17
juin 1815 : Rais Hamidou, dernier grand corsaire barbaresque est
tué à la bataille du Cap Gata.
Pendant
des siècles les régences d’Alger, Tripoli et Tunis, vassales de
l’Empire Ottoman mais quasiment autonomes à partir du XVII°
siècle, établirent leur prospérité sur la piraterie et les
razzias sur les côtes chrétiennes. Attaquées à plusieurs reprises
par les escadres espagnoles, anglaises, hollandaises et françaises,
elles ne subirent que des dégâts mineurs et ne furent jamais
réellement inquiétées. Au début du XIX° siècle les états
marchands européens payaient aux "barbaresques" un
tribut pour obtenir la garantie de n’être pas attaqués par leurs
corsaires dont l’Algérien Rais Hamidou était le plus célèbre
représentant ; sa renommée au Maghreb équivaut à celle de
Drake, Jean Bart ou Surcouf en Europe. Après leur indépendance, les
vaisseaux des États-Unis avaient dû se plier au chantage
barbaresque et payer tribut. Mais les exigences accrues des
barbaresques et leur attitude méprisante décidèrent les États-Unis
à mener la première guerre étrangère de leur histoire, contre
Tripoli, dont la flotte fut détruite par une escadre américaine et
qui s’inclina en 1805. Cependant, après le départ de la flotte
des États-Unis, ce fut au tour du dey d’Alger de s’attaquer aux
navires américains. La riposte ne fut pas immédiate du fait de la
guerre anglo-américaine de 1812, mais dès 1815 les États-Unis
envoyèrent en Méditerranée une nouvelle escadre aux ordres de
l’amiral Stephen Decatur, héros de la 1° campagne. Le 17 juin
cette escadre intercepta la frégate du corsaire Rais Hamidou et
après une brève poursuite, arraisonna le navire dévasté par
plusieurs salves et fit prisonnier l’équipage.

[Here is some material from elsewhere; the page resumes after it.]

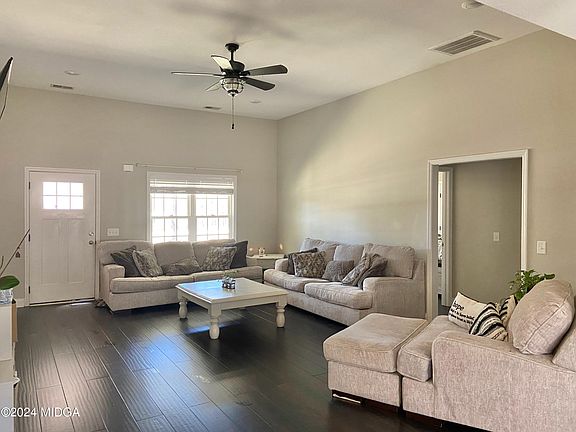 Almost new home on 2 acres with 4 bedrooms and 2 baths! Take a scenic ride through the pecan orchards and peach orchards on Highway 42 to view this excellent condition, move-in ready home with engineered wood floors throughout, granite countertops, island in kitchen for extra counter space and tray and vaulted ceilings, and real 2 car garage with entry door AND garage door. Additional features we loved about this home are the laundry in mud room with HUGE pantry, big rocking chair front porch, and room for a shop on the spacious 2 acres.

Rais Hamidou avait
été tué par un boulet et son corps jeté à la mer. Decatur entra
dans le port d’Alger avec la frégate algérienne démâtée et un
autre navire corsaire pris en cours de route. La consternation
s’empara des Algérois qui considéraient Rais Hamidou comme
invincible et le dey abandonna toute ses exigences de tribut sur les
navires américains, puis après les offensives successives des
Anglais, des Hollandais et des Français, dut s’engager à
abandonner la pratique de la capture et la détention d’esclaves
chrétiens. L’arrêt de la profitable industrie de la piraterie et
des razzias sur les côtes chrétiennes déclencha le déclin de la
régence d’Alger, ce qui permit en 1830 la conquête française.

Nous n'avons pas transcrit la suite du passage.